As we can see, the RADM algorithm is helpful for matrices with very large eigenvector condition numbers. If the condition number of a matrix is already small, the matrix should be well behaved and produce numerically stable results without needing any perturbation.

Regularization Theorem

The following theorem was proven by Jess Banks, Archit Kulkarni, Satyaki Mukherjee, and Nikhil Srivastava in their paper Gaussian Regularization of the Pseudospectrum and Davies’ Conjecture.
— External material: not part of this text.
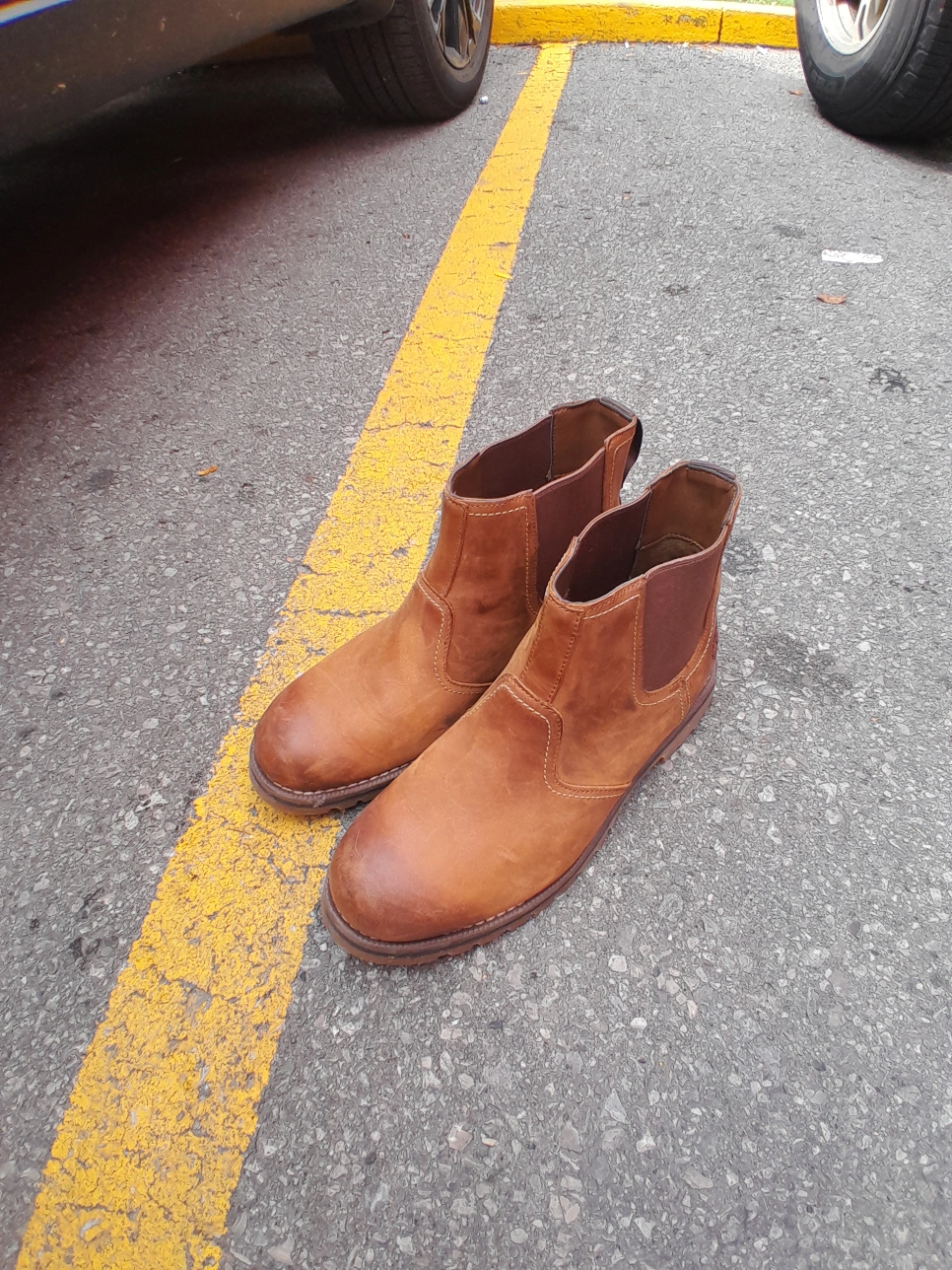 Timberland Chelsea boots in brown leather. They are in good condition and have a comfortable fit. Perfect for everyday wear! Size 9 These boots are built to be 'Guaranteed Tough' and durability 100% authentic used like new excellent condition. (24hrs Free delivery within GTA) Door Drop off/ Pick Up available Postal Services Nationwide Available Pick Up Locations: Mississauga or Toronto .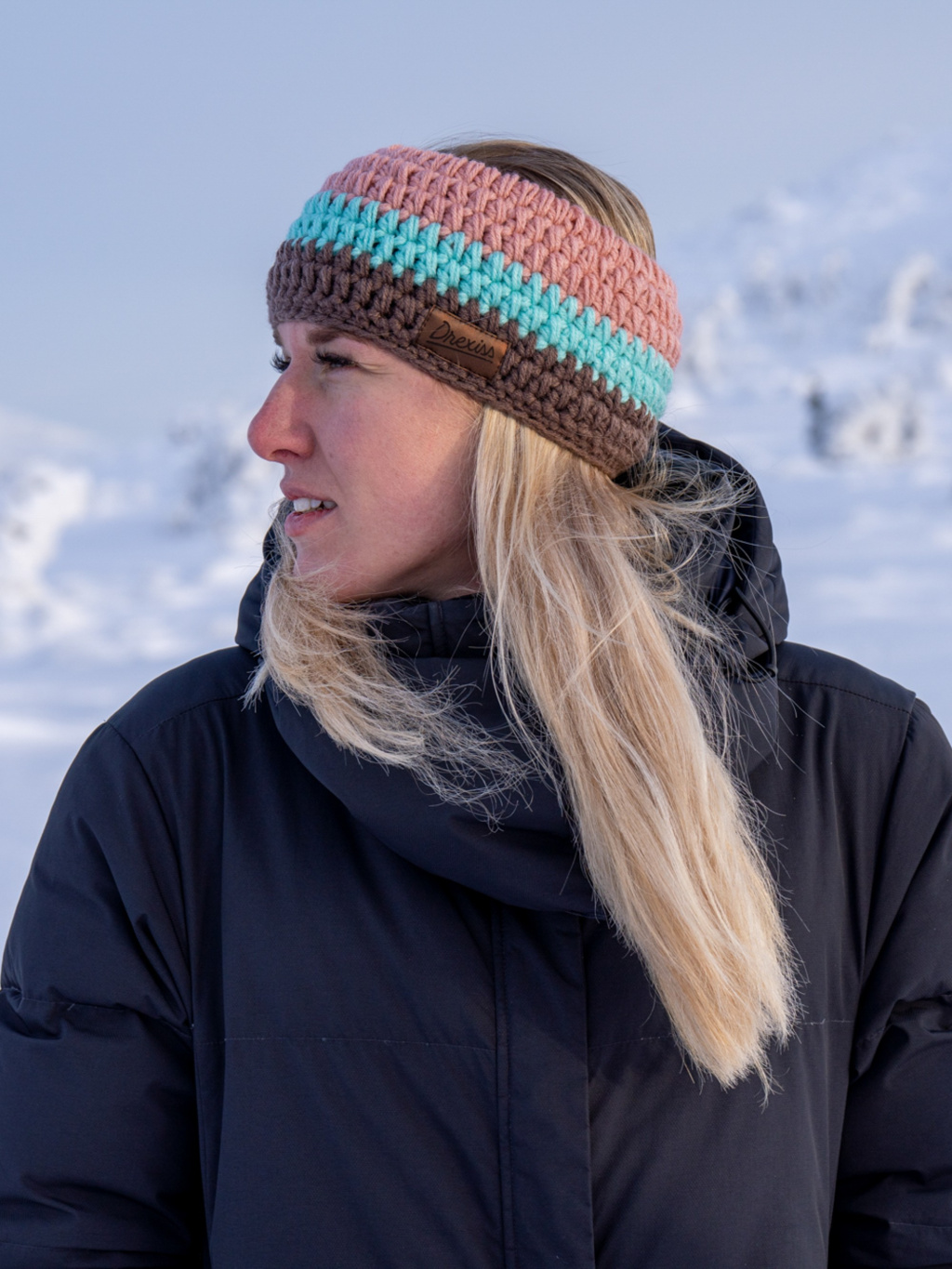 Ručně háčkovaná čelenka z kvalitní antipilingové příze spojuje jemnost ruční výroby s funkčními vlastnostmi. Podšívka z materiálu Coolmax® odvádí vlhkost, rychle schne a současně chrání před chladem, takže udržuje čelo i uši v teple i při chladném počasí.

Theorem: Suppose $A \in \mathbb{C}^{n \times n}$ and $\delta \in (0,1)$. Then there is a matrix $E \in \mathbb{C}^{n \times n}$ such that $||E|| \leq \delta ||A||$ and

$$\kappa_{V}(A+E) \leq 4n^{3/2} \left(1+\frac{1}{\delta} \right)$$

This theorem implies that if the eigenvector condition number of a matrix is huge, a small perturbation can dramatically help improve numerical stability.